Florida Businessmen for Free Enterprise v. The City of Hollywood

648 F.2d 956 | 5th Cir. | 1981

Lead Opinion

GODBOLD, Chief Judge:

Appellants have moved to stay an order of the United States District Court for the Southern District of Florida dated August 19, 1980 and to enjoin enforcement of an ordinance of the City of Hollywood pending resolution of this appeal. We directed a limited remand to permit the district court to reconsider its earlier denial of a stay and injunction pending appeal in light of the Sixth Circuit’s reversal of a decision of the District Court for the Northern District of Ohio upon which the court below placed considerable reliance, Record Revolution No. 6, Inc. v. City of Parma, 492 F.Supp. 1157 (N.D.Oh.), rev’d 638 F.2d 916 (6th Cir. 1980) , vacated and remanded on what appear to be other grounds, 49 U.S.L.W. 3882, - U.S. -, 101 S.Ct. 2998, 69 L.Ed.2d 384 (U.S. May 26, 1981). The district court again denied a stay and injunction pending appeal, and appellants renewed their motion in this court. We now grant the motion.
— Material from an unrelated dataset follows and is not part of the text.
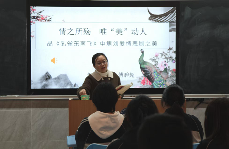傅碧超老师执教《情之所殇 唯“美”动人——品<孔雀东南飞>焦刘爱情悲剧之美》。课堂以鲁迅对悲剧美学的定义为主线,引导学生寻美、评美、悟美;通过分析人物形象,引领学生感受诗中的人物形象美、爱情美,理解焦柳爱情悲剧故事的美学意义,深化对古典文学悲剧美的理解。

Appellants filed this action challenging as unconstitutional Hollywood ordinance No. 0-80-15, which proscribes the use, possession with intent to use or deliver, delivery, manufacture, and advertisement of “drug paraphernalia.” The ordinance is based almost verbatim on the Model Drug Paraphernalia Act drafted by the Drug Enforcement Administration of the U.S. Department of Justice. Appellants contend that the ordinance is, inter alia, impermissibly vague and unduly burdensome of first amendment rights. The district court rejected these arguments and upheld the ordinance.

We must consider four factors: (1) the likelihood that the moving party will ultimately prevail on the merits of the appeal; (2) the extent to which the moving party would be irreparably harmed by denial of the stay; (3) the potential harm to opposing parties if the stay is issued; and (4) the public interest.
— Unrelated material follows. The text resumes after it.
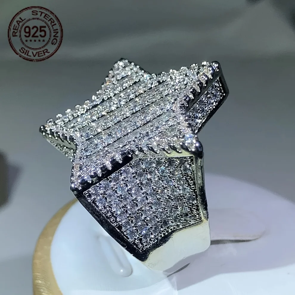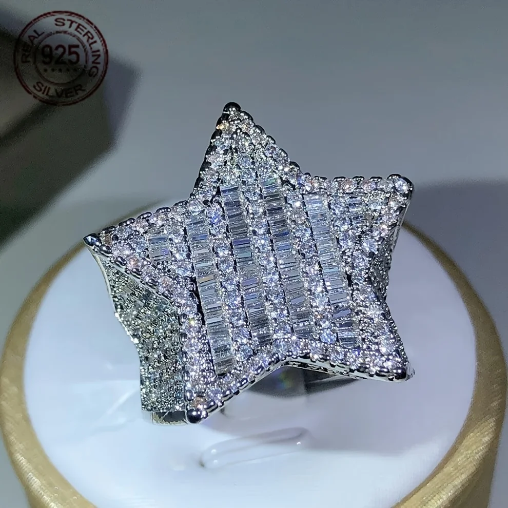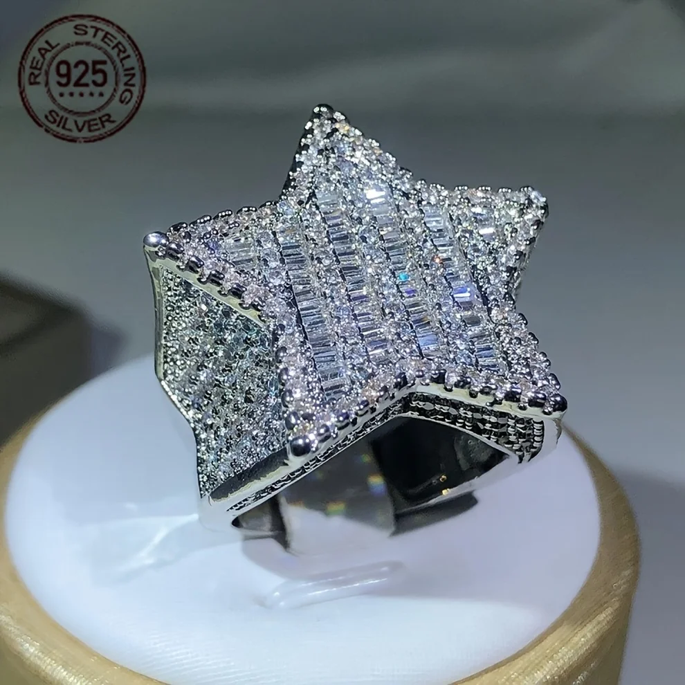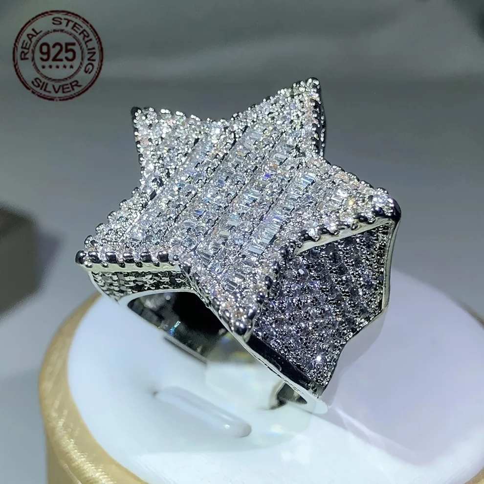Luxury 925 Sterling Silvery Ring Ice Out Sparkling Zircon Rappers HipHop Ring Five Star Shape Rings For Men Exaggerated Jewelry

The ordinance at issue is but one of a recent proliferation of state and local statutes and ordinances that seek to limit the availability of materials that facilitate and encourage the use of illegal drugs. With the exception of the Tenth Circuit’s recent decision in Hijera Corp. v. MacFarlane, No. 80-2062, - F.2d - (10th Cir. May 5, 1981) (reversing district court’s finding of vagueness and remanding for consideration of other issues), no federal circuit court has *958upheld a drug paraphernalia law.1 See Flipside, Hoffman Estates, Inc. v. Village of Hoffman Estates, 639 F.2d 373 (7th Cir. 1981) (licensing scheme held void for vagueness); High 01’ Times, Inc. v. Busbee, 621 F.2d 141 (5th Cir. 1980), aff’g 456 F.Supp. 1035 (N.D.Ga.1978) (statute prohibiting dissemination of drug-oriented literature to minors held violative of first amendment); Geiger v. City of Eagan, 618 F.2d 26 (8th Cir. 1980) (reversing denial of preliminary injunction against enforcement of paraphernalia ordinance); Houseworth v. Glisson, 614 F.2d 1295 (5th Cir. 1980), aff’g 485 F.Supp. 29 (N.D.Ga.1978) (revocation of business licenses for selling paraphernalia held unconstitutional). Moreover, in Record Revolution, supra, the Sixth Circuit invalidated three city ordinances virtually identical to the ordinance in this case. But see Geiger, supra, at 28 n.4 (implying approval of Model Drug Paraphernalia Act). Appellants have established a substantial likelihood of success on the merits of their appeal.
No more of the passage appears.